Despite news that imports will be steady during the seasonal lull period, and higher compared to last December's imports of 9.58 million barrels, this has done little to revive the sluggish market, which has seen cracks and prices both plunging to year lows on chronic oversupply globally and a falling crude complex.
"It is better than the 8-9 million barrels [per month] Pertamina imported in the first half of the year but I still don't think that this will be enough to add any lift to demand when fundamentals are overall still weak," a Singapore-based trader said.
Pertamina imported an average of 9.2 million barrels of gasoline per month over January to June, data from Statistics Indonesia showed.
The benchmark FOB Singapore 92 RON gasoline crack against front-month Brent crude oil futures plunged to a seven-year low of -$1.17/b on November 8, S&P Global Platts data showed. The crack, which was last lower on November 21, 2011, when it was assessed at -$1.73/b, has since rebounded to $1.20/b Monday.

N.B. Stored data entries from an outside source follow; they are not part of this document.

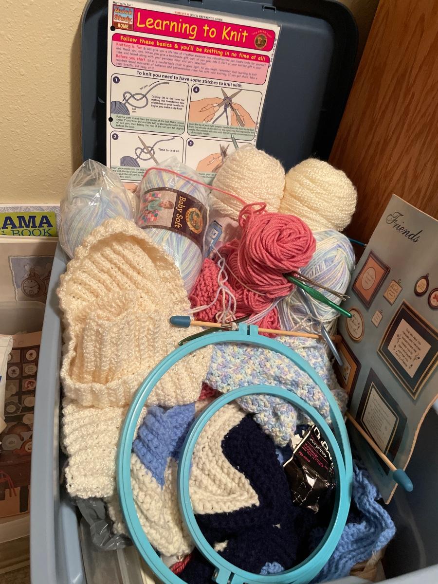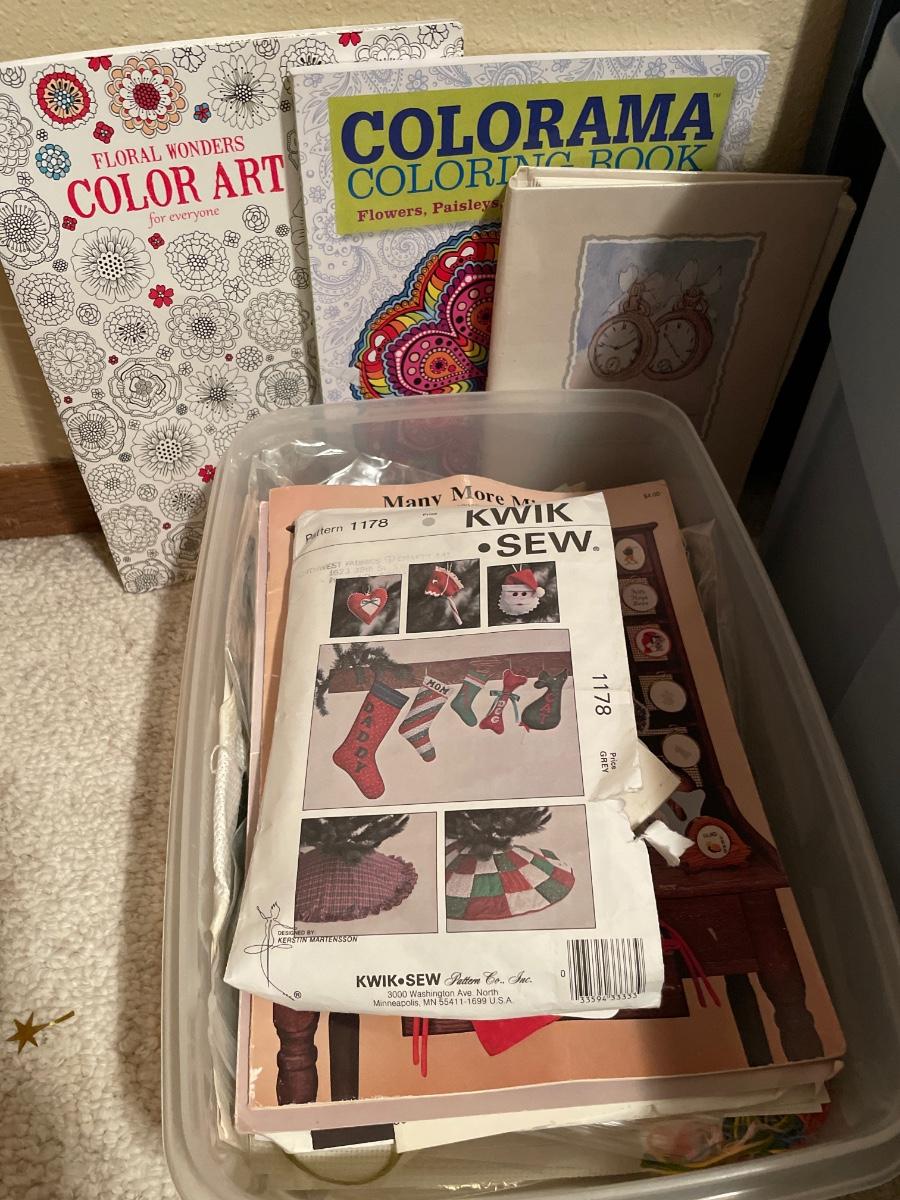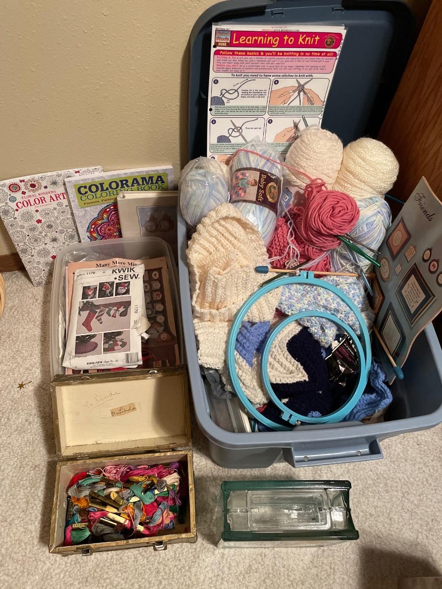 Includes floss, yarn, coloring books, totes
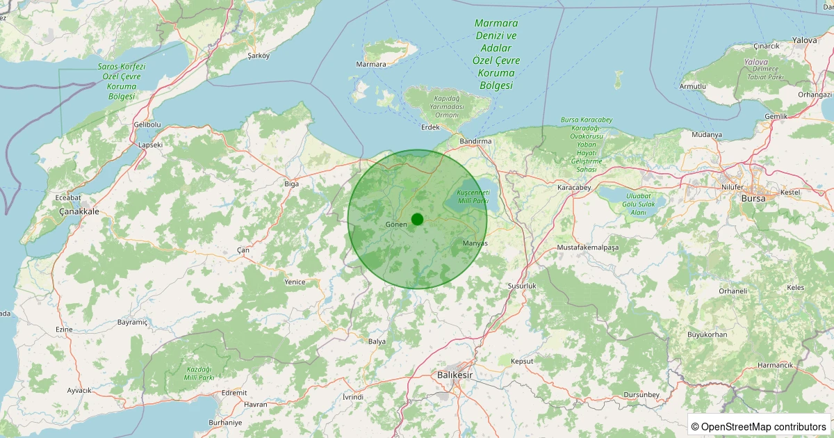 Son 7 gün içinde Gönen - Kalfaköy noktasından 100 km yarıçap içerisinde meydana gelen diğer depremler:
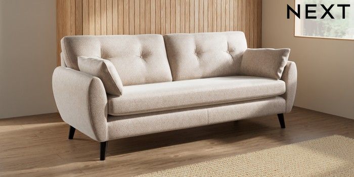 7.3.1 Buy Wilson Buttoned Back 3 Seater Sofa Cotswold Chenille Light Natural Retro Tapered - Dark from the Next UK online shop
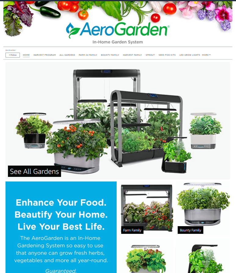这是比较有趣的产品,他们的亚马逊品牌旗舰店激励消费者培养他们在家中的园艺技能与布局。在整个页面的设计中,他们的产品占据了中心位置。突出的产品推荐与"自然增长"的声明相结合,营造出一种鼓励购物者尝试新鲜事物的氛围。
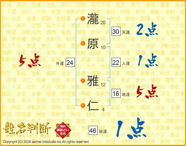 瀧(20画)原(10画) 雅(12画)仁(4画)
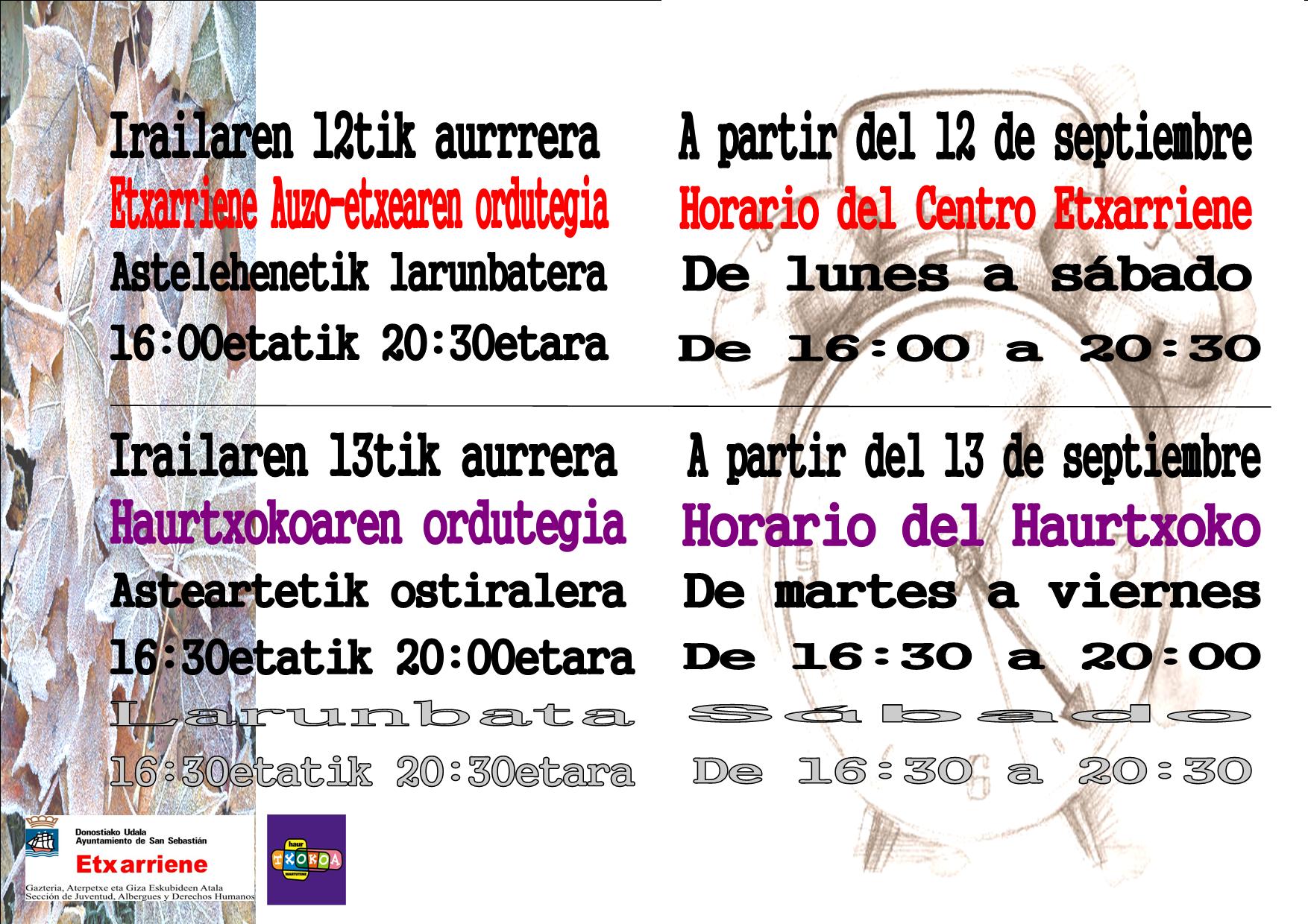 - Haurtxoko: abrirá el martes 13 de septiembre. Horario: de martes a viernes, 16:30-20:00. Sábados, 16:30-20:30.
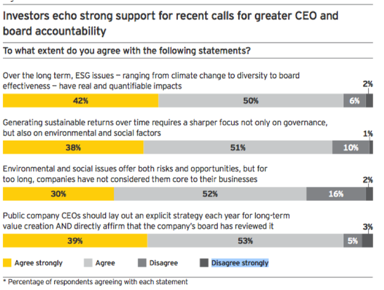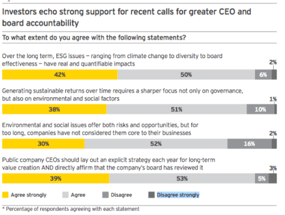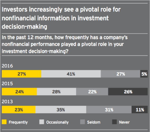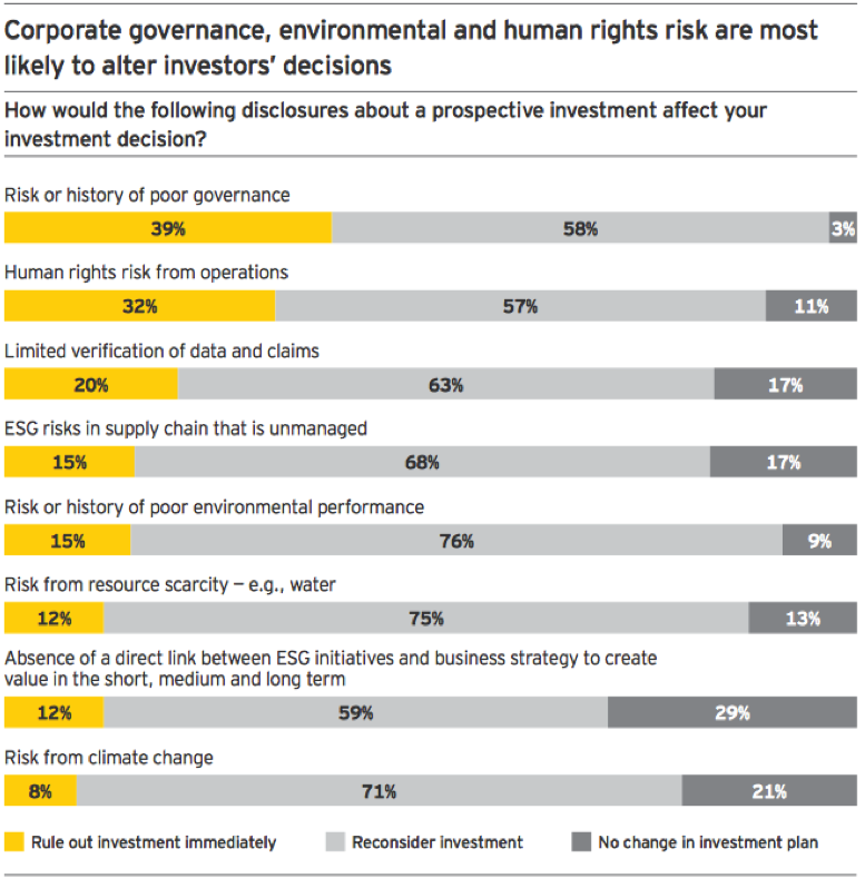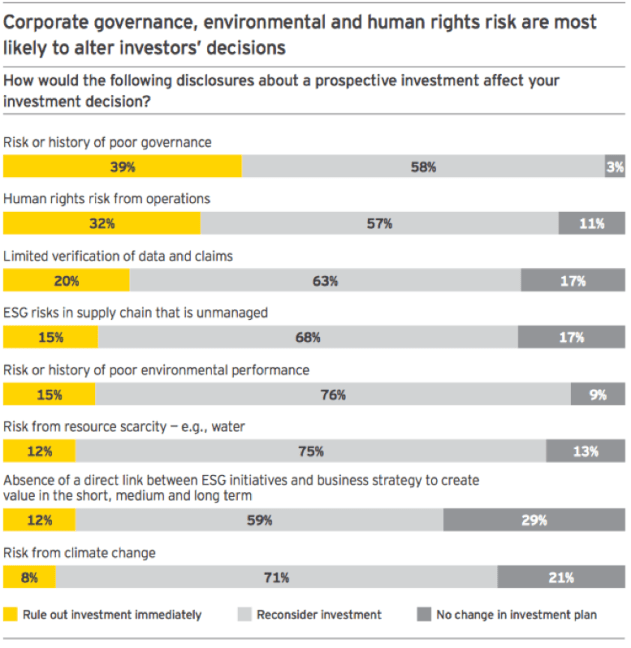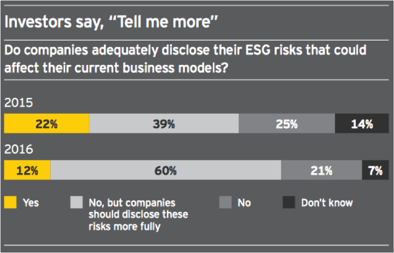 Por ejemplo, cuando se preguntó a los inversores sobre cómo la divulgación del riesgo de una posible inversión o un caso de mal gobierno corporativo afectaría una decisión de inversión, el 39% de los encuestados en la encuesta de 2016 dijo que la descartaría inmediatamente, comparado con el 27% en 2015 y el 30% en 2013.

Reflecting the weak market, the Asian gasoline market remained firmly entrenched in contango, with the Singapore December/January timespread at minus 25 cents/b Monday, and the January/February spread even lower at minus 38 cents/b.
The company has issued a spot tender seeking 600,000 barrels of high-octane mogas component (HOMC) 92 RON gasoline loading from Singapore or Malaysia over December 1-3 or delivery to Tanjung Uban over December 4-6. The tender closed December 14 with validity until December 16, but it was unclear if the tender has been awarded.
The state-owned oil and gas company also issued several term tenders seeking 88 RON, 92 RON and 98 RON gasoline for loading over January-June 2019, based on open tenders seen by S&P Global Platts. Sources said these purchases were routine and were unlikely to add support to regional demand.
In one, Pertamina sought two to three cargoes ranging 30,000 barrels to 50,000 barrels per month of 98 RON gasoline for loading from Singapore or Malaysia, while in another, the state owned company sought 500,000 barrels per month of HOMC 92 RON gasoline loading from Singapore or Malaysia or delivery to Tanjung Uban. Both tenders closed on November 16 with validity until November 23 and 26 respectively.
Pertamina also issued two other tenders for 92 RON gasoline cargoes and two tenders for 88 RON gasoline cargoes for loading over H1 2019. The tenders have yet to be awarded as Pertamina is still in negotiations with suppliers, according to market participants.